Before I could think of reasons not to do it, he pulled out his iPad, opened the business registration site, and said, “Tell me the name of the business. Let’s go.”

The next few months looked like searching for coaching and development around building and leading a business, social media marketing, securing clients, financial business management, etc. and figuring out how to translate a decade of principalship into a consulting experience that balanced both people and productivity.

I built my website in pieces, refined my messaging, took my first clients, tested and refined my frameworks repeatedly and kept asking myself “What support did I wish I had as a leader?” That question is the heart of my business.

And that’s how my idea moved from a spark → to a calling → to an actual, functioning, high-impact consulting company serving leaders in education, nonprofits, and organizations who want to lead with heart and strategy.

We all face challenges, but looking back would you describe it as a relatively smooth road?
The short answer? No, it has not been a smooth road. And honestly, I’m grateful for that, because the challenges have shaped me into a more grounded, self-aware, and effective leader.ship coach. When I transitioned from school leadership to entrepreneurship, the learning curve was steep. I would always say: “I know how to lead a school, but leading a business is a completely different skill set.”

In the beginning, I was navigating unfamiliar territory. I was learning about: pricing my services, structuring offers, creating contracts, marketing my work, building systems, understanding the financial side of running a company, learning how to talk about my work outside the context of education. There were so many moments where I felt like a first-year teacher again. I was committed, passionate, capable, but figuring it out as I went.

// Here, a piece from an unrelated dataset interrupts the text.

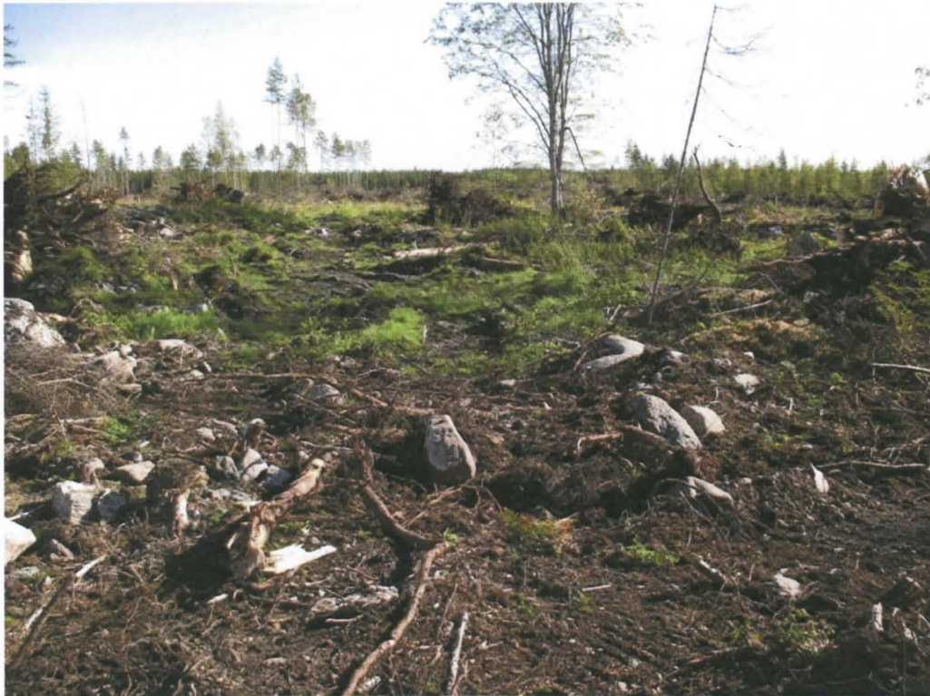
Kuva 1. Yleiskuva kannonnostoalueelta. Alueen keskellä kulkee luontopolku, joka johtaa Levanevan retkeilyreitistölle.

One of the biggest challenges was internal. I questioned whether people would find my coaching meaningful or necessary. In education, my impact was visible. I could walk into classrooms, look at data, see growth, and feel the tangible outcomes of my leadership. In entrepreneurship, the feedback loop wasn’t immediate. I had to trust my expertise even when the external validation wasn’t there yet. And then, as I expanded into organizations and businesses outside of education, nonprofits, higher ed, small businesses another layer of doubt surfaced. I worried if my leadership experience translate? Did I really have the credibility to support leaders in other industries? Is my insight valuable or too rooted in schools?

What I learned navigating this doubt and growing my business is that leadership is human work before it’s industry-specific work. The skills that made me an effective principal, clarity, emotional intelligence, communication, adaptive leadership, culture-building, accountability, and vision were exactly the skills leaders across every sector desperately needed. But it took time, experience, and self-reflection for me to really own that truth. I also had to learn to trust my process. As an entrepreneur, no one hands you a roadmap. There’s no district calendar, no evaluation rubric, no pacing guide. You build as you go. You refine in public. You learn through wins and missteps. There were seasons when I felt overwhelmed. Times I questioned whether starting a business was the right move. Moments where balancing motherhood, work, wellness, and entrepreneurship felt like too much. But each challenge taught me something essential. I learned that confidence isn’t built by comfort, it’s built by consistency.

And looking back, I’m proud of the journey, bumps and all, because it made me the leader, coach, and businesswoman I am today.

Thanks – so what else should our readers know about H-Monét Penn Consulting, LLC?
As I was developed as a school leader attending workshops and other professional development sessions something was missing in the way leaders and staff were being developed across education, nonprofits, and even corporate spaces: Development programs were heavy on technical skills and light on adaptive, human-centered development.

I kept seeing this gap, leaders drowning in responsibilities, overwhelmed by expectations, struggling to balance people and productivity, and unsure how to communicate, coach, or make decisions with confidence. When I was consistently praised for my warm-yet-direct coaching style during a national principals fellowship, I realized my blend of clarity, compassion, accountability, and strategic thinking is teachable and most leaders aren’t getting it.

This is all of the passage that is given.